**PROVIDED RECORDS:**
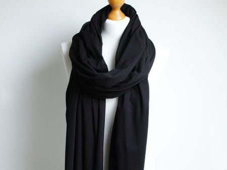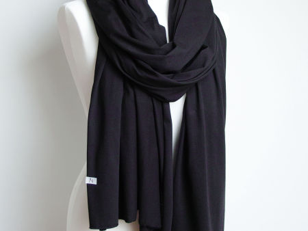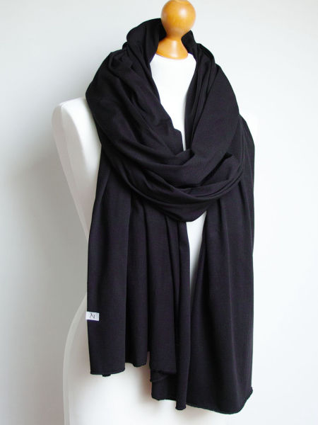 Duży szal z dzianiny bawełnianej w kolorze czarnym. Szal jest miły i miękki w dotyku, bardzo ładnie się układa. Szal uszyty został wysokogatunkowej bawełny. Brzegi zostały obszyte maszynowo, estetycznie wykończone. Dodatkowo opatrzony jest naszą firmową metką.
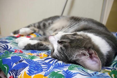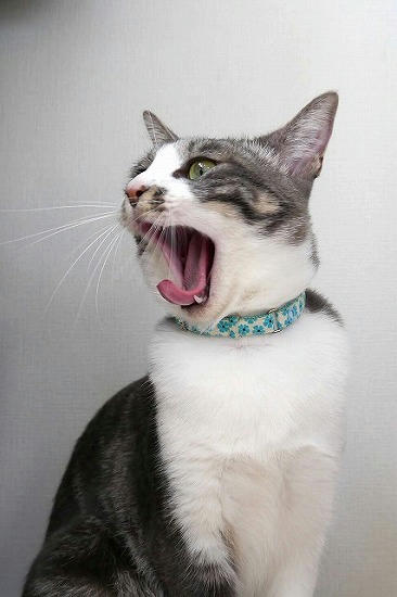 あくびをする銀猫。
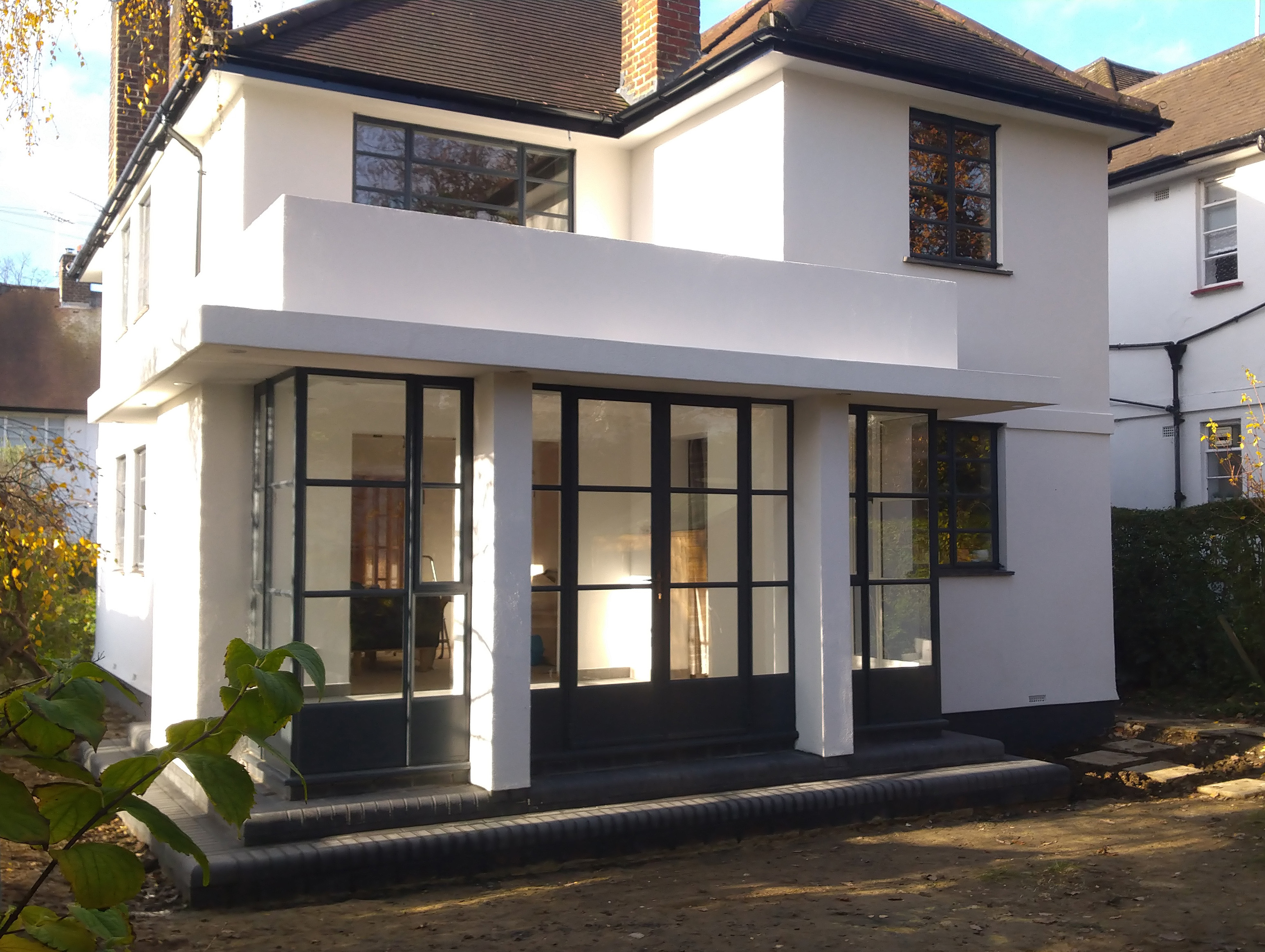 The consent however were renewed regularly and eventually the project was completed some twenty-two years later. The aim was to increase the amount of living space and its connection to the garden, and to provide light studio space. The original house was built in 1937 to the designs of noted Suburb architect CR Crickmer and is in the Hampstead Garden Suburb Conservation Area. AT the same time the decaying exterior rendering of the house was renewed and all the original single glazed steel windows were replaced to match with double-glazing. The context allowed he extension to be treated as a pavilion symmetrical about both axes and allowing windows to face in all directions. The projecting concrete canopy over the front entrance of the original house provided inspiration for a similar feature on the extension. With its three corner windows and the organisation of its structural rendered-brick piers some inspiration was taken from the contemporary work of Frank Lloyd Wright.
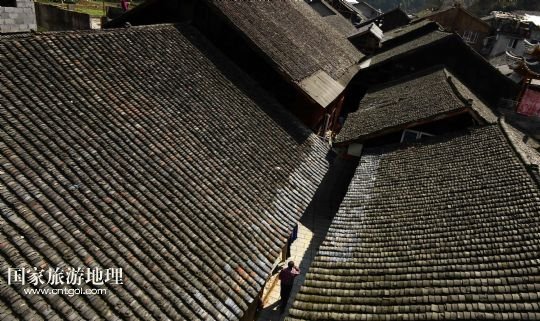 用布瓦覆蓋的慶陽古街吊腳樓錯(cuò)落有致(3月27日攝)。
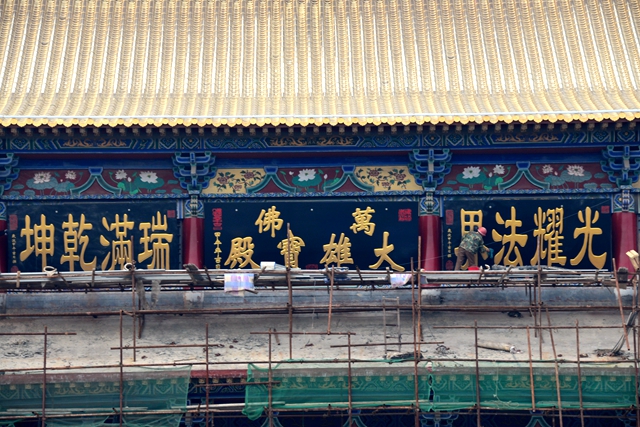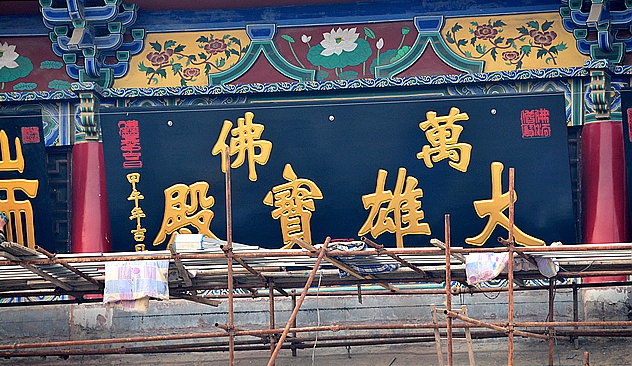 2015年3月18日,农历正月二十八,对于博山正觉寺来说是一个不同寻常的日子,备受关注的万佛大雄宝殿今天安装牌匾。
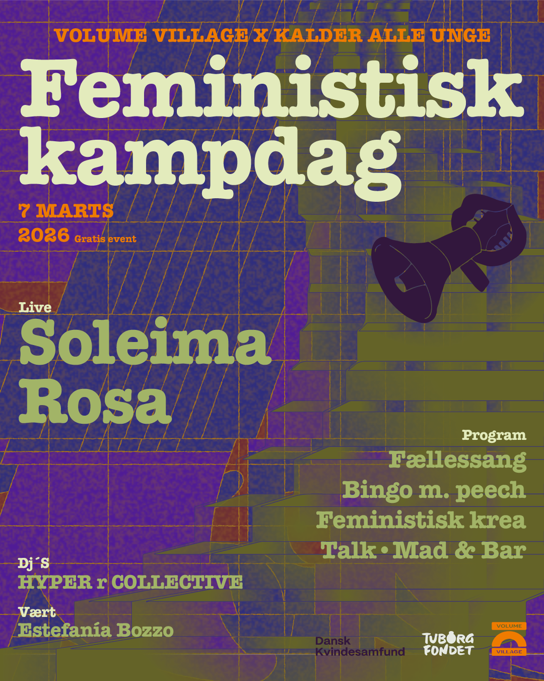 KALDER ALLE UNGE x Volume Village inviterer til Feministisk kampdag, lørdag d. 7. marts i Volume Village - Gratis entre. Vi hylder fremskridt og sætter spot på de rettigheder, der fortsat er underpres. Vi gør det med talks, musik, kreativitet og fællesskab. <3
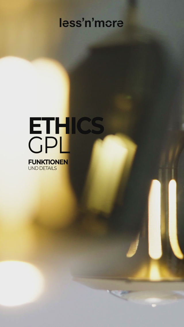 The ETHICS pendant lights have 2 light sources. The direct light shines axially through a glass lens optic with a beam angle of 85°. The indirect light source sits inside the anodized aluminium reflector and shines sideways through the lampshade made of hand-blown crystal glass. Both LEDs can optionally be dimmed via Phase, Dali or Casambi. The magnetic bicolour canopy cover (one side black, one side white) offers flexible mounting options. It enables variable spacing of the pendants. The body itself is covered with black cellular rubber, which compensates for uneven ceilings and allows flexible lateral power supply if required. A manual height adjustment is integrated into the lamp body.
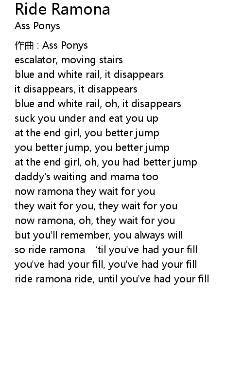 | 歌曲 | Ride Ramona |
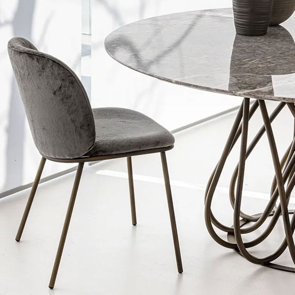 Cod: S321- Design: Studio OzetaScaun pentru dining cu structura metalica, acoperit cu piele moale, piele eco-soft sau catifea...
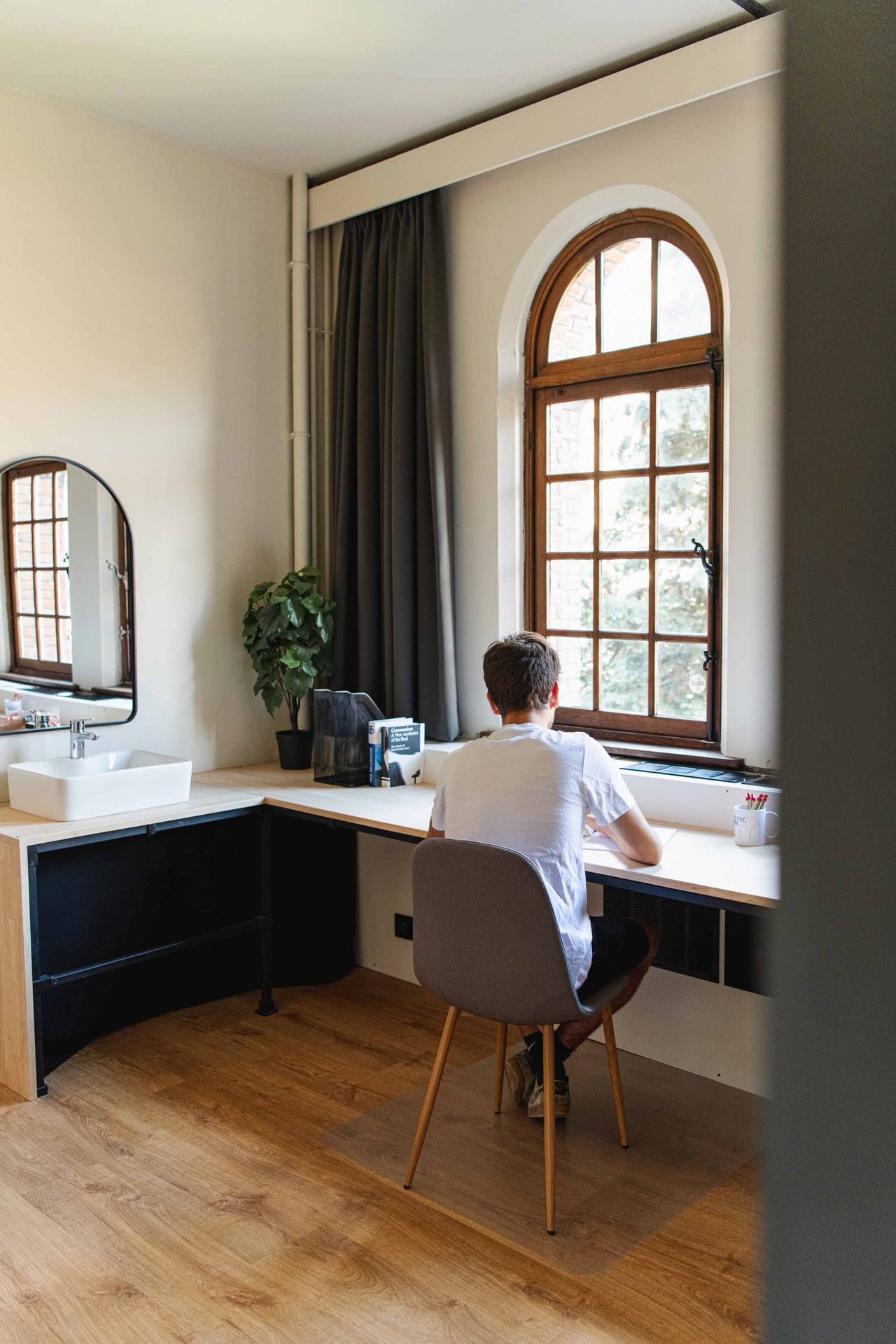 Een rustig en sereen gemeenschapskot met grote kamers in de oude abdijstijl én moderne studiefaciliteiten.
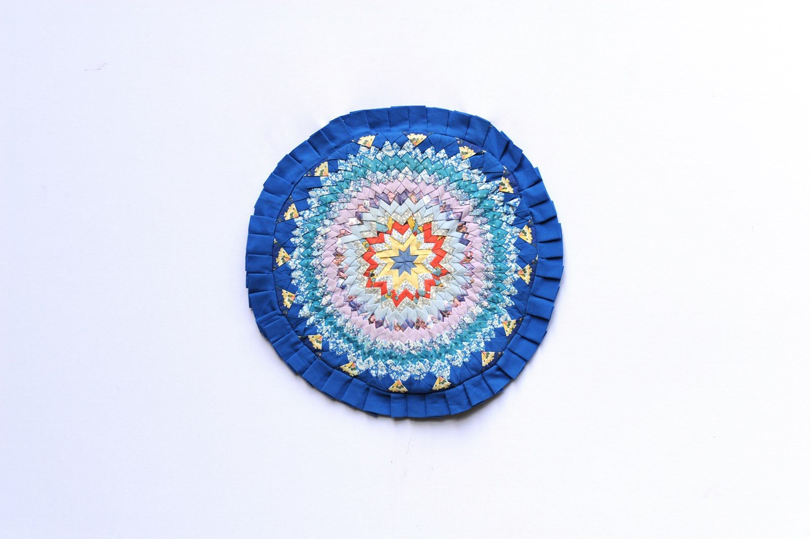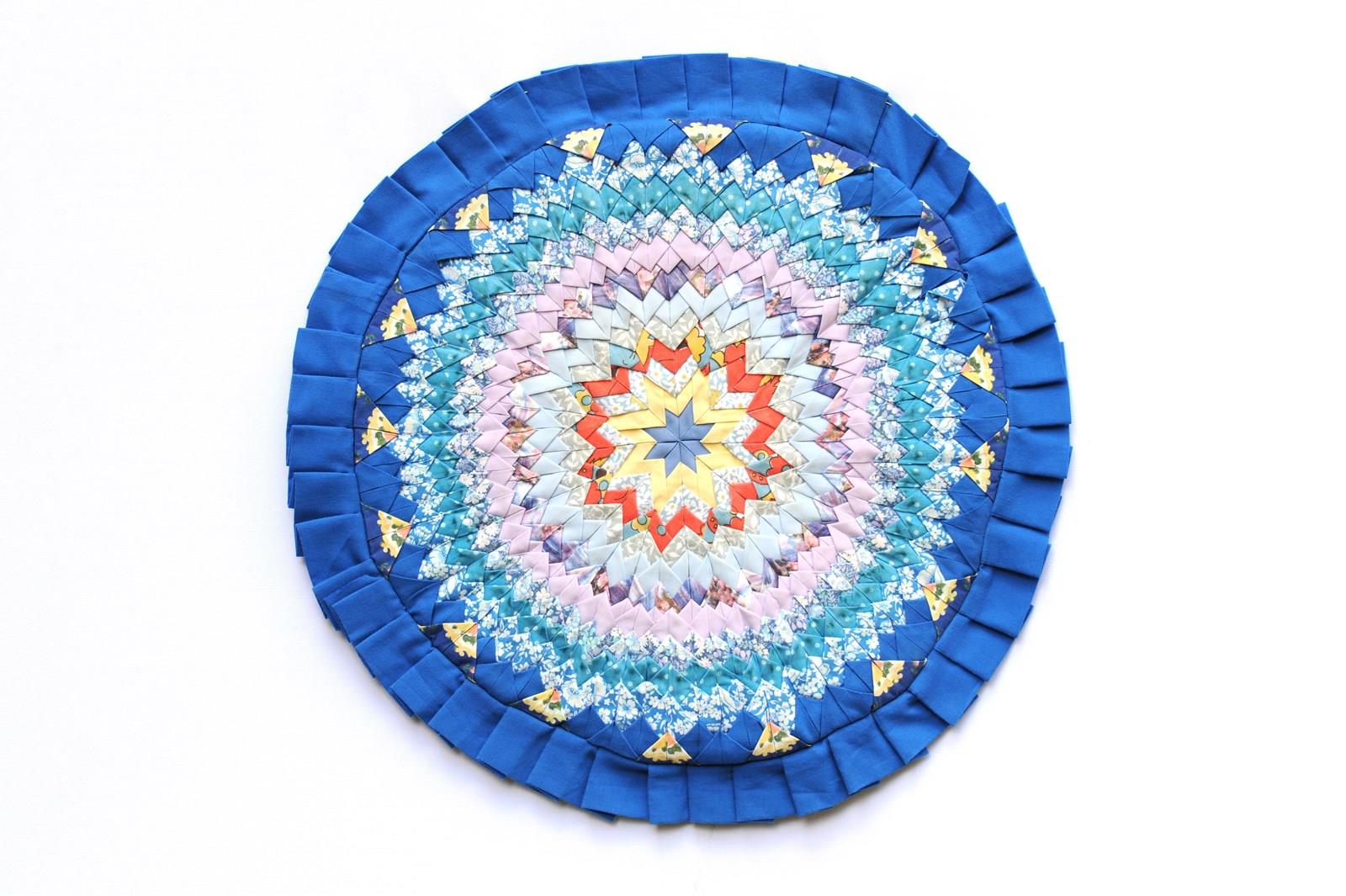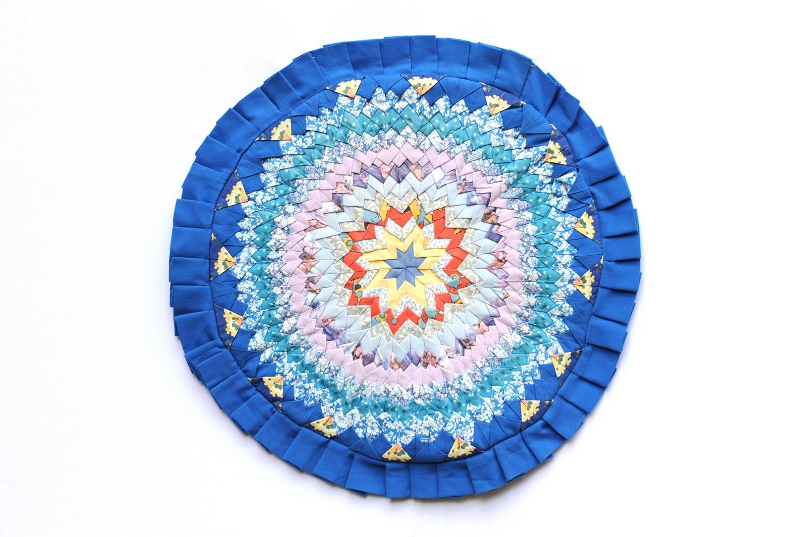 Well this is just the most amazing cushion cover we have ever seen. Mid century in date, excellent condition. English, completely made by hand and eye. Small pieces of cotton fabric carefully cut, folded & sewn into place. It must have taken weeks to make, a little bit every evening no doubt. Approximately 20 inches in diameter. Although designed as a cushion cover, it would sit quite well just as a flat table centre piece. This is the cover only, no cushion is supplied with it. Free UK inland tracked delivery.
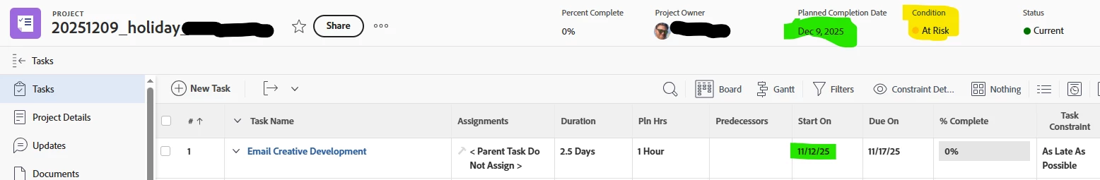 Why is my project showing "at risk", when its not scheduled to BEGIN for another month?!?!?!
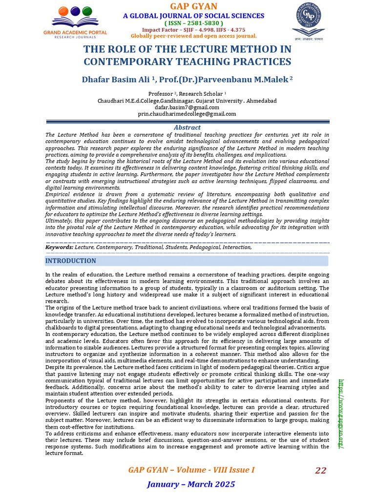 (22-27) The Role of The Lecture Method in Contemporary Teaching ...

**DESCRIPTION OF THE TASK:**
The result should be an exact copy of the material, containing no pictures.

**EXPECTED OUTPUT:**
 Duży szal z dzianiny bawełnianej w kolorze czarnym. Szal jest miły i miękki w dotyku, bardzo ładnie się układa. Szal uszyty został wysokogatunkowej bawełny. Brzegi zostały obszyte maszynowo, estetycznie wykończone. Dodatkowo opatrzony jest naszą firmową metką.
 あくびをする銀猫。
 The consent however were renewed regularly and eventually the project was completed some twenty-two years later. The aim was to increase the amount of living space and its connection to the garden, and to provide light studio space. The original house was built in 1937 to the designs of noted Suburb architect CR Crickmer and is in the Hampstead Garden Suburb Conservation Area. AT the same time the decaying exterior rendering of the house was renewed and all the original single glazed steel windows were replaced to match with double-glazing. The context allowed he extension to be treated as a pavilion symmetrical about both axes and allowing windows to face in all directions. The projecting concrete canopy over the front entrance of the original house provided inspiration for a similar feature on the extension. With its three corner windows and the organisation of its structural rendered-brick piers some inspiration was taken from the contemporary work of Frank Lloyd Wright.
 用布瓦覆蓋的慶陽古街吊腳樓錯(cuò)落有致(3月27日攝)。
 2015年3月18日,农历正月二十八,对于博山正觉寺来说是一个不同寻常的日子,备受关注的万佛大雄宝殿今天安装牌匾。
 KALDER ALLE UNGE x Volume Village inviterer til Feministisk kampdag, lørdag d. 7. marts i Volume Village - Gratis entre. Vi hylder fremskridt og sætter spot på de rettigheder, der fortsat er underpres. Vi gør det med talks, musik, kreativitet og fællesskab. <3
 The ETHICS pendant lights have 2 light sources. The direct light shines axially through a glass lens optic with a beam angle of 85°. The indirect light source sits inside the anodized aluminium reflector and shines sideways through the lampshade made of hand-blown crystal glass. Both LEDs can optionally be dimmed via Phase, Dali or Casambi. The magnetic bicolour canopy cover (one side black, one side white) offers flexible mounting options. It enables variable spacing of the pendants. The body itself is covered with black cellular rubber, which compensates for uneven ceilings and allows flexible lateral power supply if required. A manual height adjustment is integrated into the lamp body.
 | 歌曲 | Ride Ramona |
 Cod: S321- Design: Studio OzetaScaun pentru dining cu structura metalica, acoperit cu piele moale, piele eco-soft sau catifea...
 Een rustig en sereen gemeenschapskot met grote kamers in de oude abdijstijl én moderne studiefaciliteiten.
 Well this is just the most amazing cushion cover we have ever seen. Mid century in date, excellent condition. English, completely made by hand and eye. Small pieces of cotton fabric carefully cut, folded & sewn into place. It must have taken weeks to make, a little bit every evening no doubt. Approximately 20 inches in diameter. Although designed as a cushion cover, it would sit quite well just as a flat table centre piece. This is the cover only, no cushion is supplied with it. Free UK inland tracked delivery.
 Why is my project showing "at risk", when its not scheduled to BEGIN for another month?!?!?!
 (22-27) The Role of The Lecture Method in Contemporary Teaching ...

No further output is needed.